10 Эпоха петровских преобразований актуализирует эстетический потенциал панегирической поэзии, которая, с одной стороны, играла роль связующего звена новой русской словесности с европейской литературной традицией, с другой же стороны, была ориентирована на решение внутренних вопросов, связанных с утверждением авторитета светской власти в общественном сознании. Панегирическая поэзия петровского времени с ее насыщенной эмблематикой, официозной риторикой и барочным орнаментализмом стремилась запечатлеть в сознании читателя колоритный и масштабный образ царя-демиурга – созидателя, победителя, просветителя. Для достижения этой цели нередко использовались не только выразительные возможности силлабического стиха, но и сопутствующий визуальный антураж.

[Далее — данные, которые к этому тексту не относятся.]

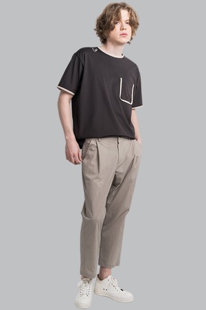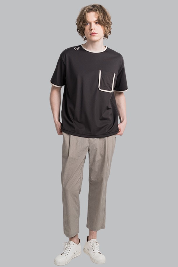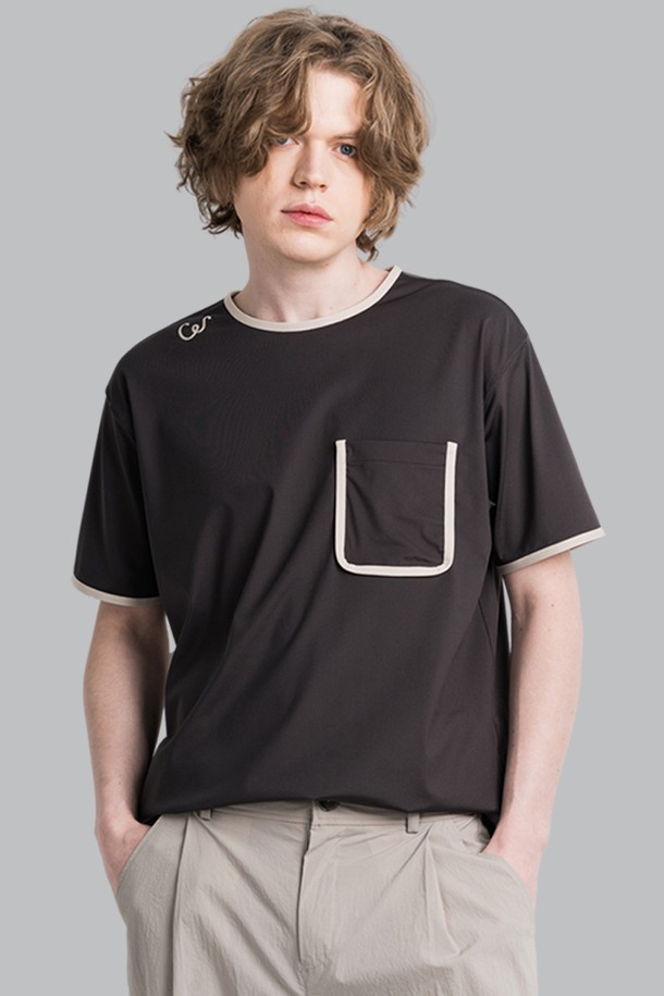 썸머 쿨터치 네크 소매 랍바배색 남자 라운드 반팔 티셔츠 CXS25MKRT603 BRO

11 Показателен в этом отношении первый печатный панегирик, сочиненный И.Ф. Копиевским и изданный в 1700 году в Амстердаме под названием “Слава торжеств и знамен побед пресветлейшаго и августейшаго, державнейшаго и непобедимейшаго, великаго царя и великаго князя Петра Алексеевича всея Великия, и Малыя, и Белыя России самодержца”. Он был приурочен к победоносному завершению Азовской войны (1686–1700). Издание представляет собой небольшую книжку (32 с.), которая помимо двух стихотворных текстов (“Песнь победная” и “Безсмертная слава преславных дел противу турком …”) содержит гравюру голландского мастера Я. Нахтгласа с изображением сидящего на троне Петра I. Гравюра насыщена державной эмблематикой, что призвано подчеркнуть мировое величие российского государя: над увенчанной короной головой Петра расположен российский герб с изображением двуглавого орла; царский трон окружают двенадцать аллегорических фигур, олицетворяющих различные добродетели монарха (мудрость, воинскую доблесть, милосердие, щедрость и т.п.); у подножия трона распростерлись поверженные турки, подносящие русскому царю короны иностранных государств; слева от трона представлены эпизоды взятия Азова, справа ангелы развернули карту Азова и демонстрируют ее царю-победителю.

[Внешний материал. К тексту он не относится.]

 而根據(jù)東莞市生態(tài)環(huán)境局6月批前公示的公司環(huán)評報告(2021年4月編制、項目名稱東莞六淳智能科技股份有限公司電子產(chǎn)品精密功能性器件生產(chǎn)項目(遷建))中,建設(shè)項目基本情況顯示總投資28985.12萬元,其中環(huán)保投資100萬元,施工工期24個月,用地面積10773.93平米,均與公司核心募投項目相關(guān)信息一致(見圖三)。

12 Язык аллегорий характерен и для поэтических текстов книги. Победа России над Турцией выражена посредством системы знаков, репрезентирующих общепринятую государственную атрибутику: поражающий змея двуглавый орел, поверженный на землю полумесяц и т.п. Сам же факт взятия Азова квалифицируется как залог дальнейшего процветания и расширения мирового влияния российской государственности, пребывающей под покровительством могущественного и милосердного властителя:
13 Славный сей день есть его же, господь сотвори
14 Крепостию великия силы покори.
15 Велика государя врази персть полижут,
16 Побеждениже, ражени, и руки не движут.
17 Понуждениже страхом, и мир упросиша,
18 Многимже прошением, своим умилиша,
19 Великаго государя победы сея
20 И строителя храбраго крепости ея.
21 Милосердый монарха мир им дарова,
22 Да не погибнет с кручины их бедна глава,
23 О немернаж благодать монархи велика
24 И супостатом своим сотвори толика,
25 Яковаже и другом, делать обыкоша,
26 Радостно супостаты, во своя приидоша [5, с. 45–46].
27 Рост поэтической культуры в послепетровский период выводит на лидирующие позиции жанр оды в силу того, что именно ода предстала в качестве универсальной художественной модели, способной наиболее точно и адресно сосредоточиться на базовых аксиологических акцентах новой национальной идеологии (могущество русского государства, мудрое правление государя, Божий Промысел, оберегающий Россию и др.). Вполне очевидно, что именно жанр оды оказался той оптимальной формой поэтического высказывания, благодаря которой война могла рассматриваться как необходимое условие утверждения государственных интересов.
28 Именно такой вектор развития на долгие годы жанр оды получил благодаря продуктивной творческой инициативе М.В. Ломоносова. Ломоносовская “пиндарическая” ода с ее беспримерным пафосом жизнеутверждения, масштабной программой государственных преобразований, подлинно патриотической ангажированностью и неизменной устремленностью в будущее предельно адекватно выражала суть идеологии новой, послепетровской России. Уже первое крупное одическое сочинение, написанное по случаю завершения очередной русско-турецкой войны (1735–1739), наглядно продемонстрировало тот мощный художественно-идеологический потенциал, который обеспечил оде более чем полувековое господство в жанровой системе русской литературы.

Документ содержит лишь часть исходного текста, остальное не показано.